Maklad’s name doesn’t appear in any U.S. district court filing. DHS didn’t provide evidence to those claims or answer questions about why they hadn’t come up in Maklad’s previous court hearings or asylum interviews.
Campos says U.S. law would have prohibited Maklad from accessing the type of protection he got if claims of terrorism had been brought back then.
“The optics of this case are terrible, a gentleman won his case in an immigration court, the government refuses to release him,” Campos said. “They’ve tried an illegal rendition to a third country. So how do they fix this? Let’s call him a terrorist.”
‘I’m wasting away’
Campos and other attorneys are trying to file a habeas corpus petition for Maklad, which would force the case before a judge. But for now, he’s stuck in detention.
“I’m wearing myself out,” Maklad says. “I’m wasting away.”
As his U.S. court documents describe, an arrest warrant was eventually issued for him there for failing to enlist in the military during wartime. Another threat came in 2018, when ISIS fighters killed hundreds of people in his hometown of Swaida, including some of his family members.

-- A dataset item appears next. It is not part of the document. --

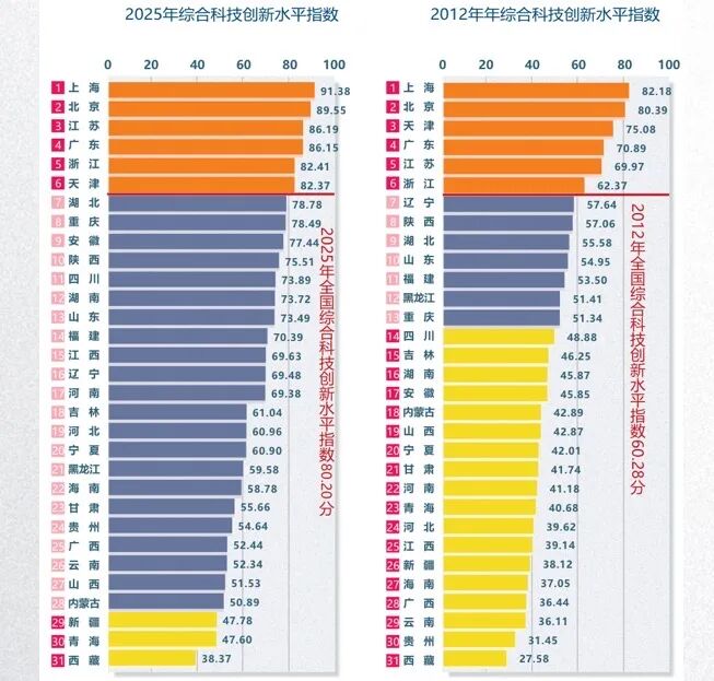 今年伊始,中国科学院分子植物科学卓越创新中心Jeremy Murray(杰睿)研究员团队与张余研究员团队在《科学》杂志在线发表了科研论文,破解了困扰植物学界20多年的难题。 作为该中心引进的外籍人才,加拿大籍研究员杰睿已在上海生活八年,这也是他第二次在《科学》杂志上发表论文。他对第一财经介绍,他在上海的研究组规模比之前的都大,所以可以去做一些想做的研究。 12日,上海交通大学人工智能学院副院长卢策吾教授创办的科技企业穹彻智能正式推出口袋机采——通过智能手机和App,每位使用者都可以成为数据采集的参与者,完成任务并上传数据,实现数据采集。该公司是卢策吾2016年选择回国发展后创立的具身智能企业。 近年来,像杰睿、卢策吾这样的科研人员,支撑了上海科技创新成果多点开花。 官方数据显示,2025年,上海科学家发表顶刊论文181篇,占全国的30.6%,较2024年增长14.6%。其中第一作者或通讯作者109篇,占全国的24.1%,较2024年增长29.8%。2022~2025年,上海市财政科技支出年均增幅超过20%,基础研究投入总体增长85%;“十四五”时期,上海全社会研发经费支出相当于全市生产总值的比例提高到4.5%左右。 另据中国科学技术发展战略研究院发布的《中国区域科技创新评价报告2025》(下称“报告”),上海得分为91.38,居全国之首,同比提高2.18分。 “从十八大以来的历年评价报告结果来看,全国各个省份的科技创新能力均有大幅提升,其中上海科技创新能力在全国一直保持领先位势,这表明上海在推动我们国家整体科技创新能力提升方面一直处于引领地位,做出了突出贡献。”报告撰写团队负责人之一、中国科学技术发展战略研究院科技统计与区域创新研究所所长玄兆辉接受第一财经记者采访时说。 关键指标表现亮眼 自1993年起,中国科学技术发展战略研究院便启动了区域科技创新评价研究。2015年起,研究报告正式纳入国家创新调查制度系列报告。报告基于政府公开统计数据,对全国31个省、自治区、直辖市(不包含港澳台)的综合科技创新水平进行客观评价。目前,报告已成为国家和地方科技管理决策的重要参考和指引,也是目前国内持续时间最长、评价体系最为稳定的区域科技创新评价研究成果。 2025年,报告在2024年的基础上,新增公民具备科学素质比例、高技术产业固定资产净额占工业固定资产净额比重、获国家级科技成果奖系数等8个指标,删除了3项指标。从科技创新环境、科技创新投入、科技创新产出、高新技术产业、创新促进发展5个一级指标、12个二级指标、49个三级指标综合测算科技创新水平指数。

His younger sister, Shorouq, is still there. She says she worries about Maklad’s health in detention — he suffered a heart attack back in 2018 after the attack in his hometown and required surgery. But, she says, coming back isn’t safe.
“I don’t want Kamel to ever come back to Syria, not even to Swaida, because there’s absolutely no safety there,” she said in a voice memo in Arabic on WhatsApp. “There’s no internet, no electricity and no water, unless we buy it … the situation is very miserable here.”
Maklad knows Syria isn’t safe. But he says he needs to help his family and he doesn’t mind starting over.
“When I arrived in Venezuela, I didn’t speak a word of Spanish — I spent half an hour trying to order an empanada,” he said. “I worked hard to learn Spanish … and it doesn’t bother me, but what I’m looking for is a country where I can find peace. That’s all I’m looking for.”